## Data extracts:
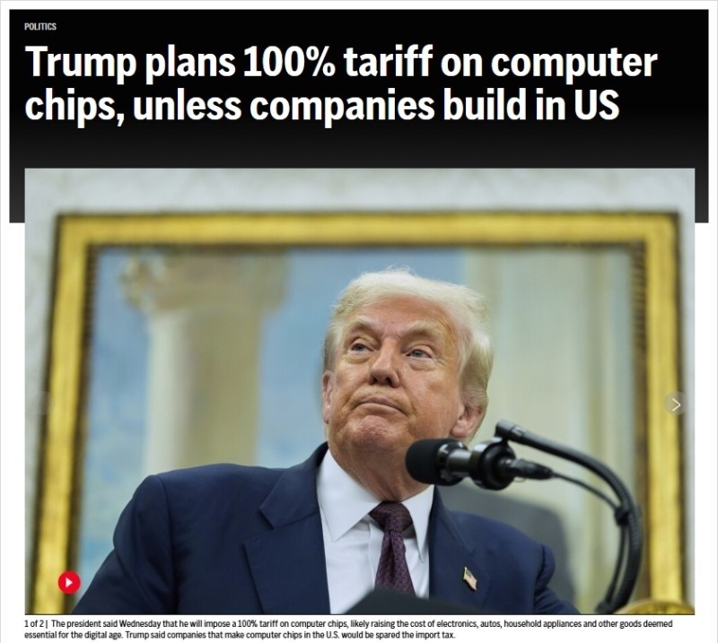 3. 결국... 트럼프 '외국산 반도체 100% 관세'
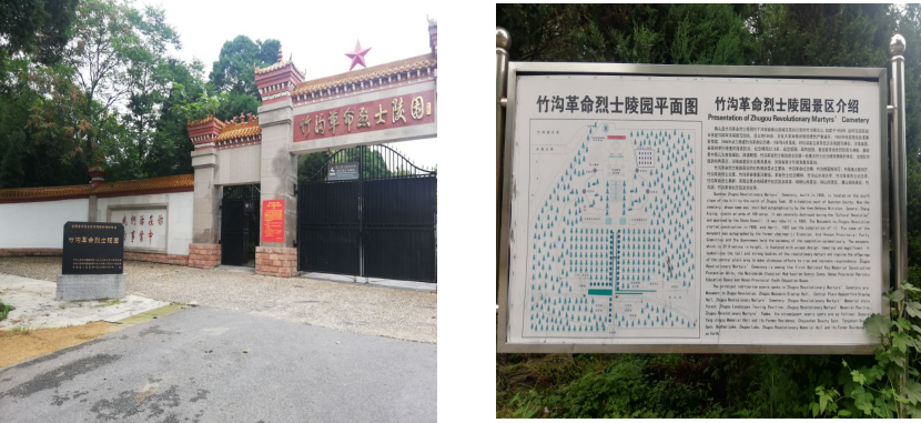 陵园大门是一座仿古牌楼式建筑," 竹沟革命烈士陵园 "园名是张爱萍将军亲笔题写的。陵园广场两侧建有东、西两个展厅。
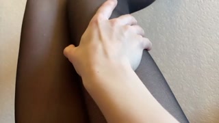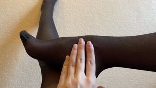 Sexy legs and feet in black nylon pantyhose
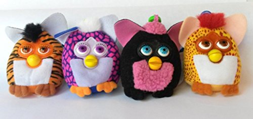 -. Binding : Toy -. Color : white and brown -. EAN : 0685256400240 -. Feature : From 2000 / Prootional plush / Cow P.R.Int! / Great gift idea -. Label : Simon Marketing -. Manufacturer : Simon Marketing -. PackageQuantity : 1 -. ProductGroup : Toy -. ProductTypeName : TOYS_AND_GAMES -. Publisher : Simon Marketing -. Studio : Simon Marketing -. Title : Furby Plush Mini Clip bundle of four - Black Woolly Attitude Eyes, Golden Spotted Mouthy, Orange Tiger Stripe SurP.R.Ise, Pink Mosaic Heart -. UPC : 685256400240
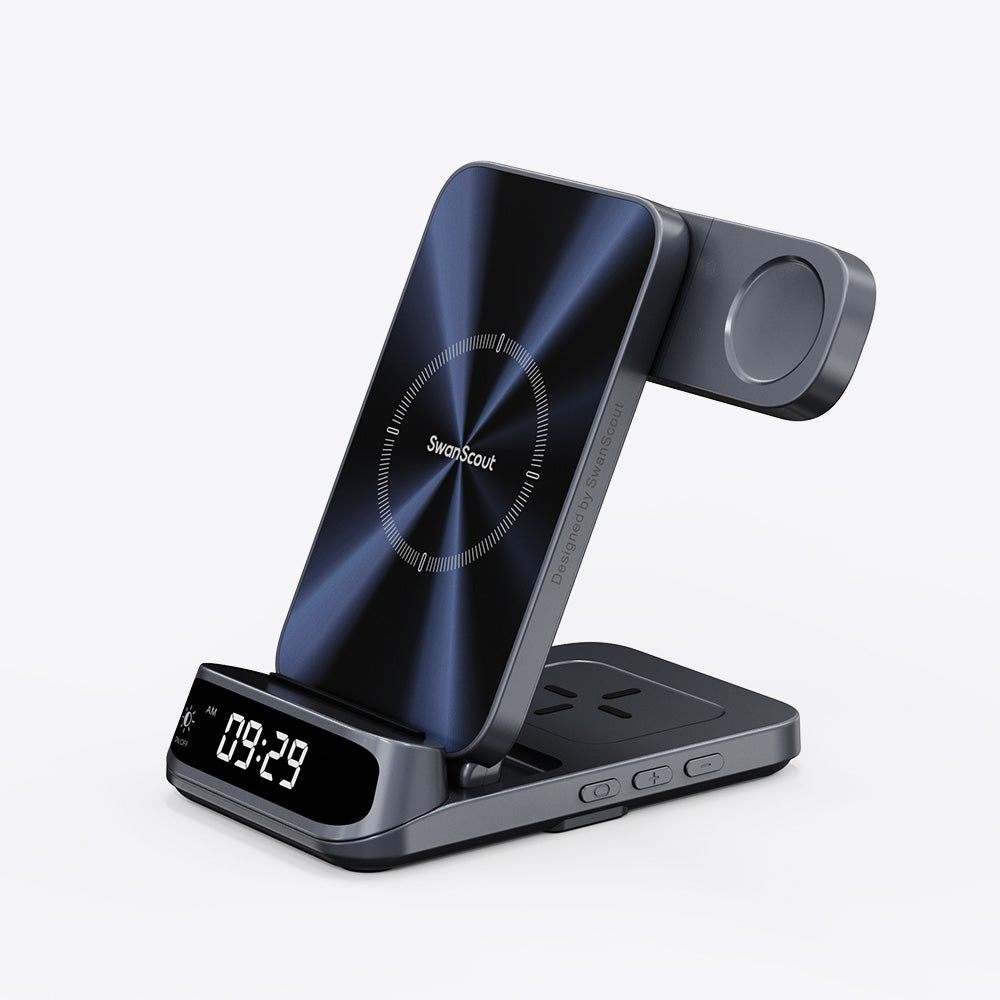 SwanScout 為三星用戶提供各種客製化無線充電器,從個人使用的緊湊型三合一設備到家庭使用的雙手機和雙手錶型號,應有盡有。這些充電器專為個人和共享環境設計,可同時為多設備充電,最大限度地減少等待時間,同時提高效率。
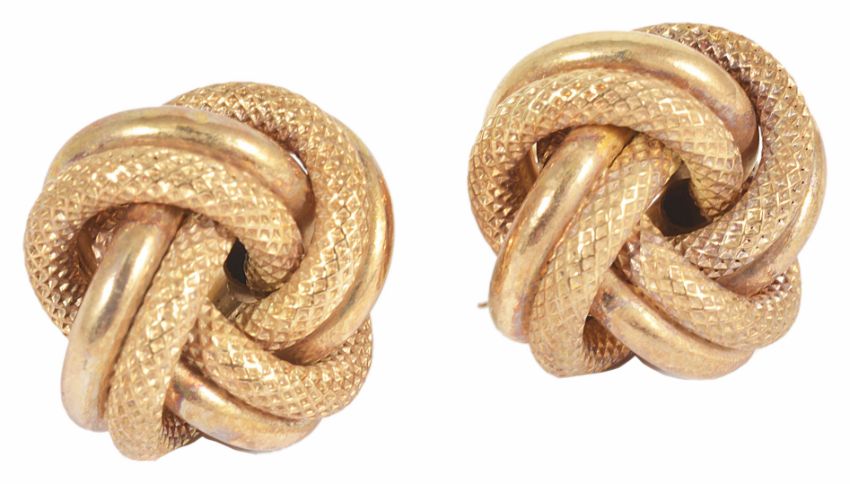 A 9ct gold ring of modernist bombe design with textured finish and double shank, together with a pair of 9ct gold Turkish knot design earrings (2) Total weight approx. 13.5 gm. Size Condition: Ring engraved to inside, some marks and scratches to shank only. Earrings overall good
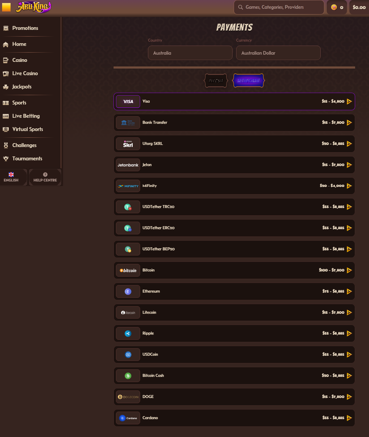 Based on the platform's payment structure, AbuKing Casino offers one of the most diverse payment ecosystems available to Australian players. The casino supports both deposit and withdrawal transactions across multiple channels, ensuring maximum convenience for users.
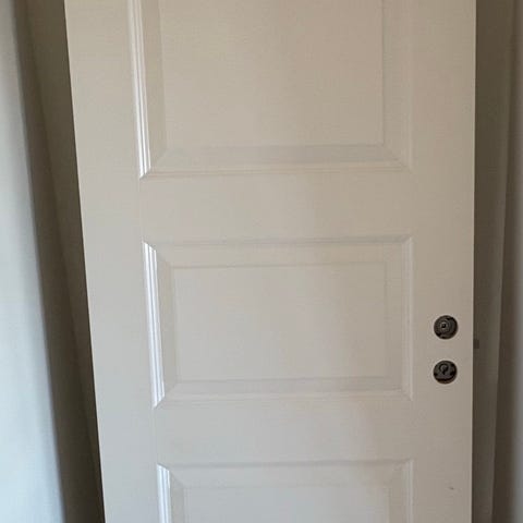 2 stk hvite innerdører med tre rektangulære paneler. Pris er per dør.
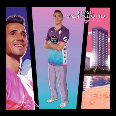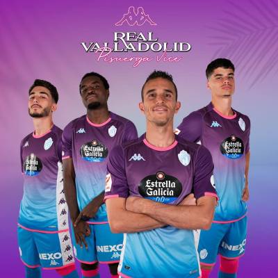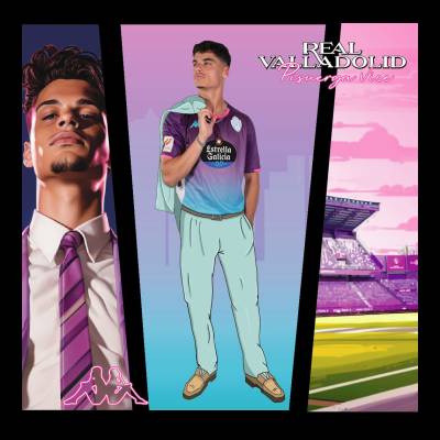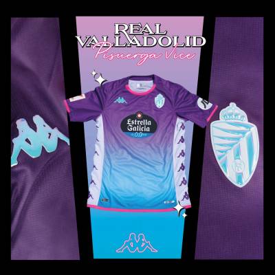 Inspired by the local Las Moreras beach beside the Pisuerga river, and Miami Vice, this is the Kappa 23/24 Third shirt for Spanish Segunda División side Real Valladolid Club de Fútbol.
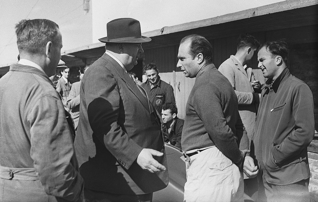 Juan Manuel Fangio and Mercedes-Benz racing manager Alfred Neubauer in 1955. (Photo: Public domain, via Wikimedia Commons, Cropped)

## Problem to solve:
Please output all of the entries exactly as they appear, with no pictures.

## Solution to the exercise:
 3. 결국... 트럼프 '외국산 반도체 100% 관세'
 陵园大门是一座仿古牌楼式建筑," 竹沟革命烈士陵园 "园名是张爱萍将军亲笔题写的。陵园广场两侧建有东、西两个展厅。
 Sexy legs and feet in black nylon pantyhose
 -. Binding : Toy -. Color : white and brown -. EAN : 0685256400240 -. Feature : From 2000 / Prootional plush / Cow P.R.Int! / Great gift idea -. Label : Simon Marketing -. Manufacturer : Simon Marketing -. PackageQuantity : 1 -. ProductGroup : Toy -. ProductTypeName : TOYS_AND_GAMES -. Publisher : Simon Marketing -. Studio : Simon Marketing -. Title : Furby Plush Mini Clip bundle of four - Black Woolly Attitude Eyes, Golden Spotted Mouthy, Orange Tiger Stripe SurP.R.Ise, Pink Mosaic Heart -. UPC : 685256400240
 SwanScout 為三星用戶提供各種客製化無線充電器,從個人使用的緊湊型三合一設備到家庭使用的雙手機和雙手錶型號,應有盡有。這些充電器專為個人和共享環境設計,可同時為多設備充電,最大限度地減少等待時間,同時提高效率。
 A 9ct gold ring of modernist bombe design with textured finish and double shank, together with a pair of 9ct gold Turkish knot design earrings (2) Total weight approx. 13.5 gm. Size Condition: Ring engraved to inside, some marks and scratches to shank only. Earrings overall good
 Based on the platform's payment structure, AbuKing Casino offers one of the most diverse payment ecosystems available to Australian players. The casino supports both deposit and withdrawal transactions across multiple channels, ensuring maximum convenience for users.
 2 stk hvite innerdører med tre rektangulære paneler. Pris er per dør.
 Inspired by the local Las Moreras beach beside the Pisuerga river, and Miami Vice, this is the Kappa 23/24 Third shirt for Spanish Segunda División side Real Valladolid Club de Fútbol.
 Juan Manuel Fangio and Mercedes-Benz racing manager Alfred Neubauer in 1955. (Photo: Public domain, via Wikimedia Commons, Cropped)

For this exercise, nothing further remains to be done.